问题
I'm trying to write parser for c++ style header file and failing to properly configure the parser.
Lexer:
lexer grammar HeaderLexer;
SectionLineComment
: LINE_COMMENT_SIGN Section CharacterSequence
;
Pragma
: POUND 'pragma'
;
Section
: AT_SIGN 'section'
;
Define
: POUND 'define'
| LINE_COMMENT_SIGN POUND 'define'
;
Booleanliteral
: False
| True
;
QuotedCharacterSequence
: '"' .*? '"'
;
ArraySequence
: '{' .*? '}'
| '[' .*? ']'
;
IntNumber
: Digit+
;
DoubleNumber
: Digit+ POINT Digit+
| ZERO POINT Digit+
;
CharacterSequence
: Text+
;
Identifier
: [a-zA-Z_0-9]+
;
BlockComment
: '/**' .*? '*/'
;
LineComment
: LINE_COMMENT_SIGN ~[\r\n]*
;
EmptyLineComment
: LINE_COMMENT_SIGN -> skip
;
Newline
: ( '\r' '\n'?
| '\n'
)
-> skip
;
WhiteSpace
: [ \r\n\t]+ -> skip;
fragment POUND : '#';
fragment AT_SIGN : '@';
fragment LINE_COMMENT_SIGN : '//';
fragment POINT : '.';
fragment ZERO : '0';
fragment Digit
: [0-9]
;
fragment Text
: [a-zA-Z0-9.]
;
fragment False
: 'false'
;
fragment True
: 'true'
;
Parser:
parser grammar HeaderParser;
options { tokenVocab=HeaderLexer; }
compilationUnit: statement* EOF;
statement
: comment? pragmaDirective
| comment? defineDirective
| section
| comment
;
pragmaDirective
: Pragma CharacterSequence
;
defineDirective
: Define Identifier Booleanliteral LineComment?
| Define Identifier DoubleNumber LineComment?
| Define Identifier IntNumber LineComment?
| Define Identifier CharacterSequence LineComment?
| Define Identifier QuotedCharacterSequence LineComment?

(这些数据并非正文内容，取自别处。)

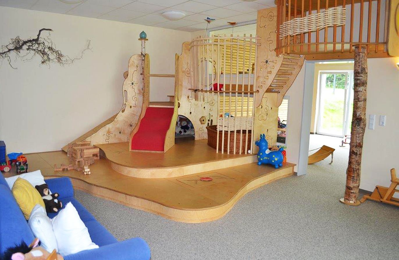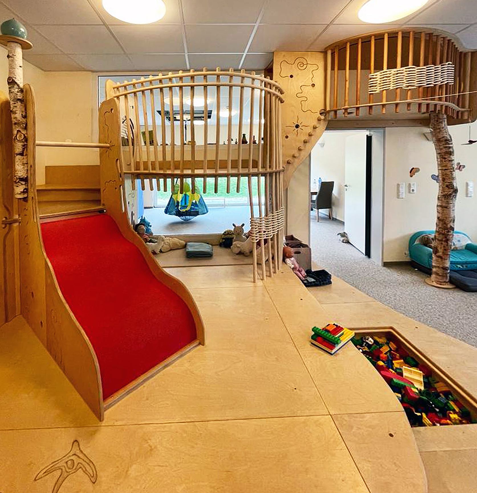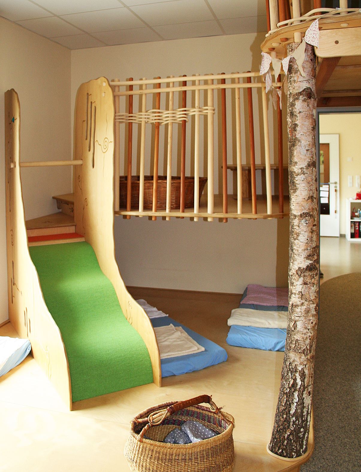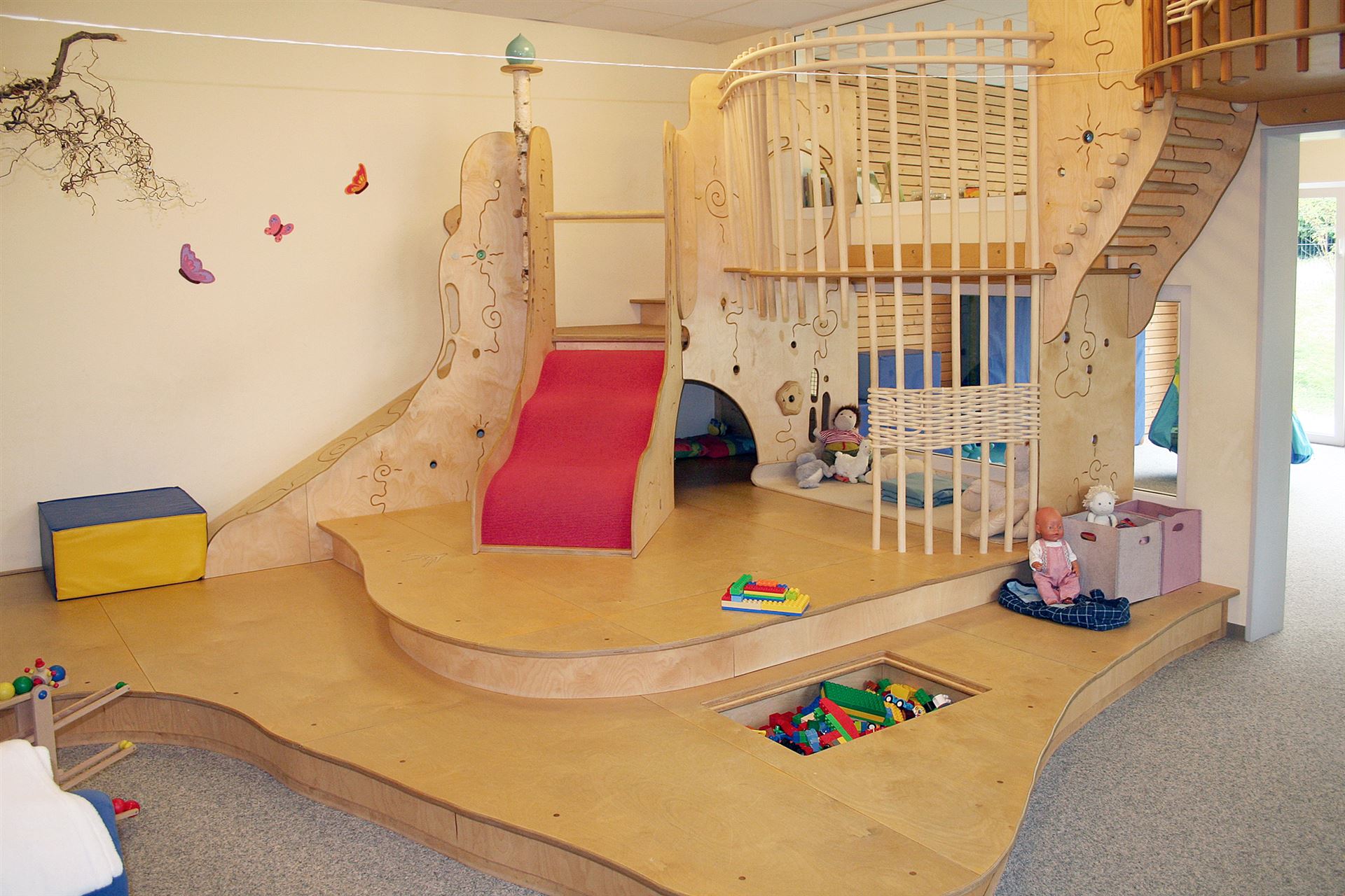 Eine Spiellandschaft kommt den Bedürfnissen der Kinder nach Klettern, Treppen steigen, Rutschen, aber auch Verstecken, Entdecken und Ausruhen nach. Ein reichhaltiges, regelmäßig wechselndes Materialangebot gibt die Möglichkeit, soziales Miteinander zu lernen, Phantasie anzuregen und Sprache weiter zu fördern.

| Define Identifier ArraySequence LineComment?
| Define Identifier
;
section: SectionLineComment;
comment
: BlockComment
| LineComment+
;
Text to parse:
/**
* BLOCK COMMENT
*/
#pragma once
/**
* BLOCK COMMENT
*/
#define CONFIGURATION_H_VERSION 12345
#define IDENTIFIER abcd
#define IDENTIFIER_1 abcd
#define IDENTIFIER_1 abcd.dd
#define IDENTIFIER_2 true // Line
#define IDENTIFIER_20 {ONE, TWO} // Line
#define IDENTIFIER_20_30 { 1, 2, 3, 4 }
#define IDENTIFIER_20_30_A [ 1, 2, 3, 4 ]
#define DEFAULT_A 10.0
//================================================================
//============================= INFO =============================
//================================================================
/**
* SEPARATE BLOCK COMMENT
*/
//==================================================================
//============================= INFO ===============================
//==================================================================
// Line 1
// Line 2
//
// @section test
// Line 3
#define IDENTIFIER_TWO "(ONE, TWO, THREE)" // Line 4
//#define IDENTIFIER_3 Version.h // Line 5
// Line 6
#define IDENTIFIER_THREE
With this configuration I have few issues:
- The parser could not correctly parse "#define IDENTIFIER abcd" on line 11
- "// @section test" on line 36 is parsed as a line comment, but I need to parse this as a separate token
- Parsing of the commented define directive is not working "//#define IDENTIFIER_3 Version.h // Line 5"
回答1:
Whenever there are problems when parsing, you should check what kind of tokens the lexer is producing.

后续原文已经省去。